我将其计算为循环,将数字存储在 2 个数组中,并一遍又一遍地对第一个按升序排序,对第二个按降序排序,直到我到达 1674 但由于某种原因,“过程”循环赢了停下来。任何帮助将不胜感激。
#include <stdio.h>
#include <stdlib.h>
int main()
{
long int pow1(int x, int n)
{
int i, result = 1;
for (i = 0; i < n; i++)
{ // Power Function //
result *= x;
}
return (result);
}
int a, s;
int val[] = {
0,
0,
0,
0};
int value[] = {
0,
0,
0,
0};
int ex = 0;
scanf(" %d", &a);
if (a / 1000 != 0 && a / 1000 < 10)
{
// Extracting the digits and storing them in the arrays .

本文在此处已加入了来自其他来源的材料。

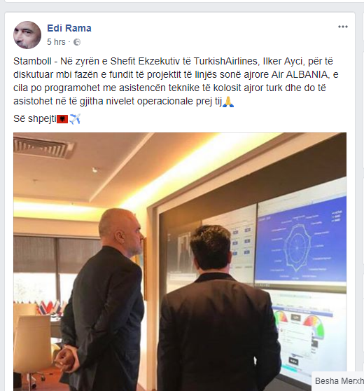 “Në zyrën e Shefit Ekzekutiv të TurkishAirlines, Ilker Ayci, për të diskutuar mbi fazën e fundit të projektit të linjës sonë ajrore Air Albania, e cila po programohet me asistencën teknike të kolosit ajror turk dhe do të asistohet në të gjitha nivelet operacionale prej tij”, shkruan Rama në Facebook.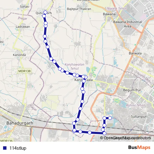 The first stop of the 114stlup bus route is Rani Khera Depot Iii and the last stop is Qutub Garh Village (T). 114stlup is operational during everyday.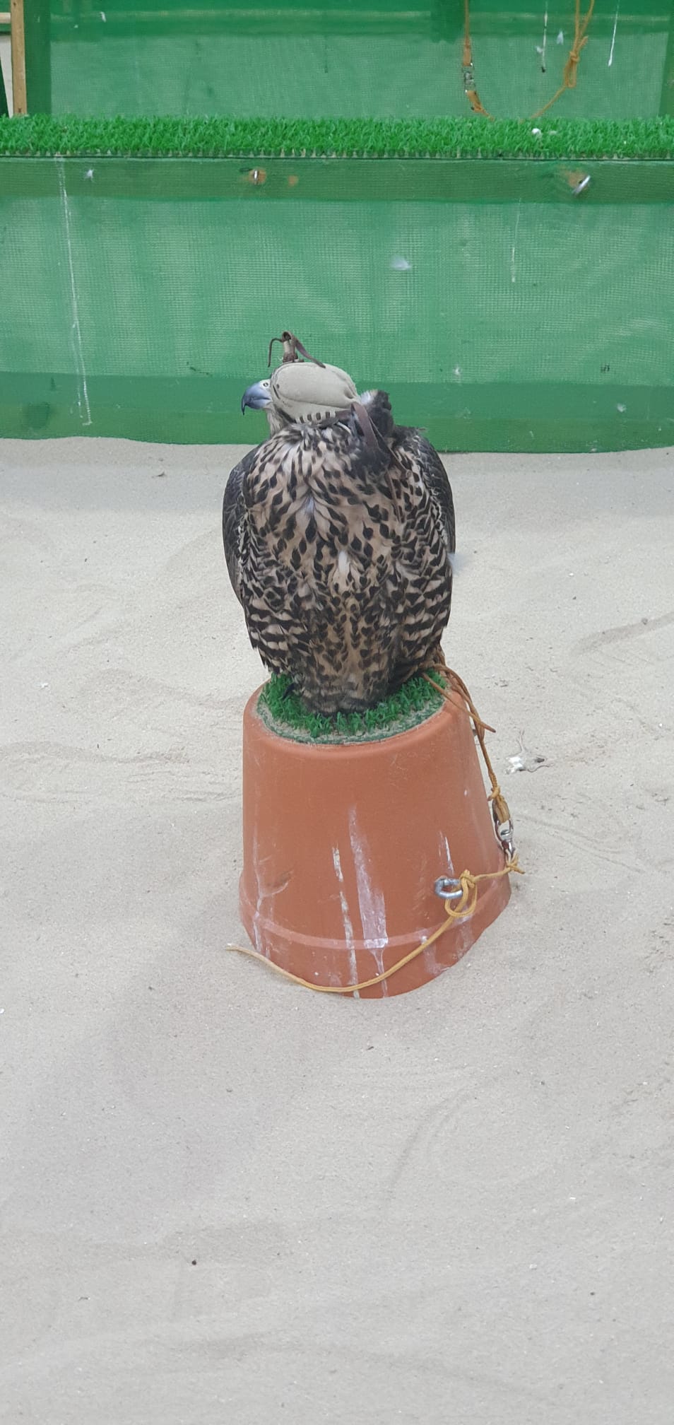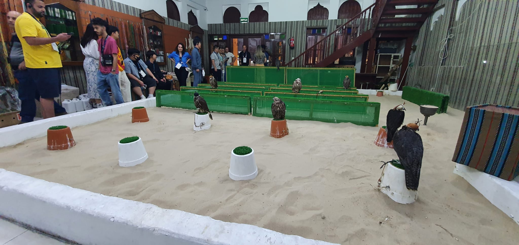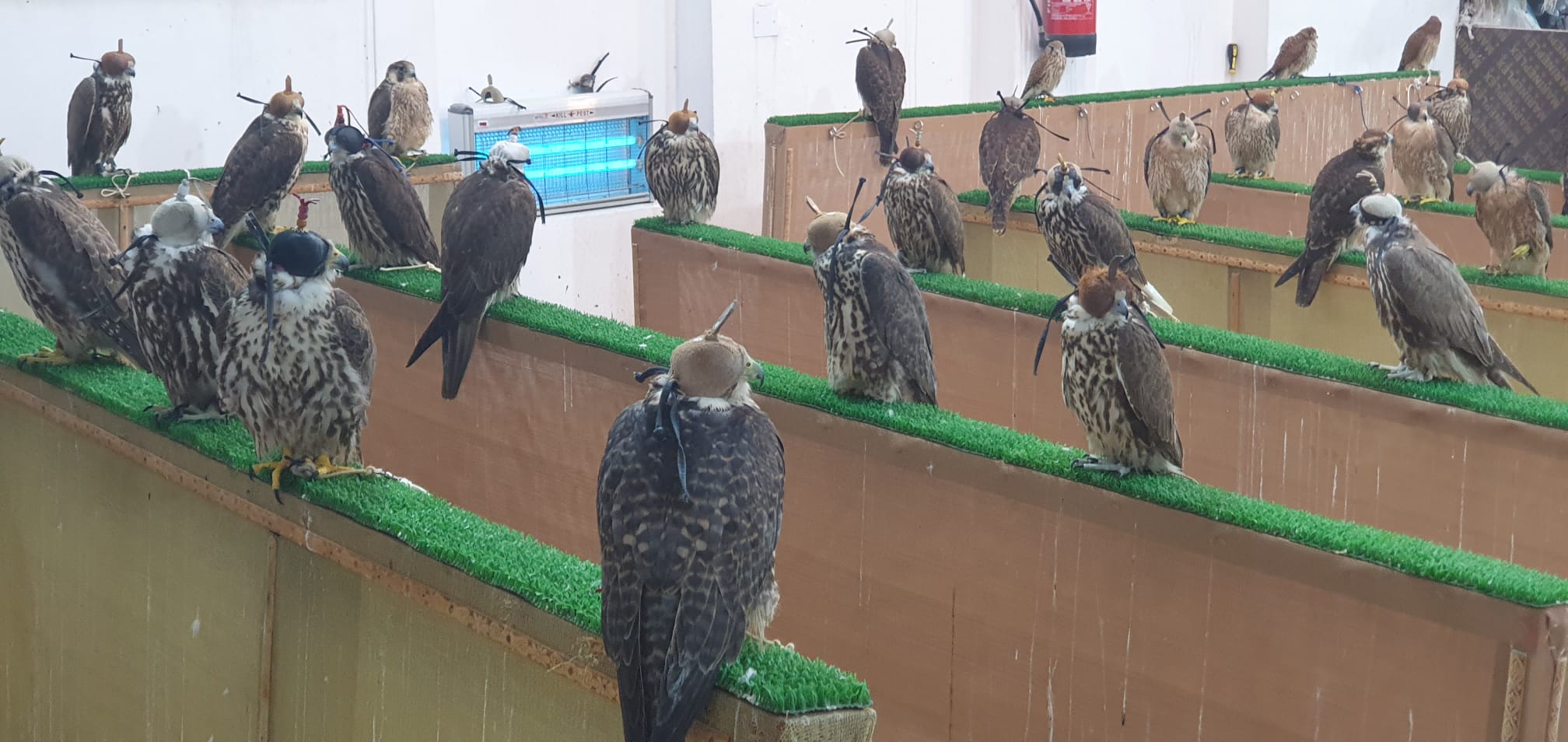 Aici, pe postamente interioare și exterioare, păsările stau cu o mască pe cap, pentru protecție și pentru a fi relaxate, ferite de vânzoleala turiștilor ori a potențialilor cumpărători. De jur-împrejur, o întreaga industrie forfotește: echipamente de vânătoare, ateliere pentru măști, mâncare, produse veterinare și artizanale, mănuși de protecție, manșoane, dispozitive pentru fixarea picioarelor, plumbi.

for (int i = 0; i <= 3; ++i)
{
value[i] = val[i] = (a % pow1(10, i + 1) - a % pow1(10, i)) / pow1(10, i);
if (i > 0)
{
if (val[i] == val[i - 1])
{
ex++;
}
}
}
if (ex == 3)
{
printf("Wrong input");
exit(0);
}
int j = 0, k = a;
// Start of process
while (k != 6174)
{
while (1)
{
s = 0;
for (int i = 0; i <= 3; i++)
{
if (val[i] > val[i + 1])
{
int temp = val[i];
val[i] = val[i + 1];
val[i + 1] = temp;
s = 1;
}
}
if (s == 0)
{
break;
}
}
while (1)
{
s = 0;
for (int i = 0; i <= 3; i++)
{
if (value[i] < value[i + 1])
{
int temp = value[i];
value[i] = value[i + 1];
value[i + 1] = temp;
s = 1;
}
}
if (s == 0)
{
break;
}
}
j++;
printf("max:%d min: %d ", value[0] * 1000 + value[1] * 100 + value[2] * 10 + value[3], val[0] * 1000 + val[1] * 100 + val[2] * 10 + val[3]);
k = value[0] * 1000 + value[1] * 100 + value[2] * 10 + value[3] - (val[0] * 1000 + val[1] * 100 + val[2] * 10 + val[3]);
printf("diff:%d\n", k);
for (int i = 0; i <= 3; ++i)
{
value[i] = val[i] = (k % pow1(10, i + 1) - k % pow1(10, i)) / pow1(10, i);
}
}
printf("Took %d turns", j);
}
else
{
printf("Wrong input");
}
return 0;
}
您已将 val 和 value 定义为 4 个元素 [0..3],但在您的 loops 中,您可以通过 [0..4] 访问和修改两者,例如:val[i+1] = 温度。 我适当调整了它们的大小(int val[5] = {0},value[5] = {0}),你的测试产生了:
max:2211 min: 112 diff:2099
max:9920 min: 229 diff:9691
max:9961 min: 1699 diff:8262
max:8622 min: 2268 diff:6354
max:6543 min: 3456 diff:3087
max:8730 min: 378 diff:8352
max:8532 min: 2358 diff:6174
Took 7 turns
因为你的类型不太对。 如果您将 sort 更改为:
for (int i = 1; i < 4; i++)
{
if (val[i-1] > val[i])
{
int temp = val[i];
val[i] = val[i - 1];
val[i - 1] = temp;
s = 1;
}
}
它会尊重它的边界,并且是正确的;所以你可以回到 len 4 个向量。记得把另一个也换掉。
ps:对我来说,抱怨你没有在你的例子中放置一个主包装器比在你的例子中放置一个要多得多。这不能成为你不做你能做的最少事情的借口。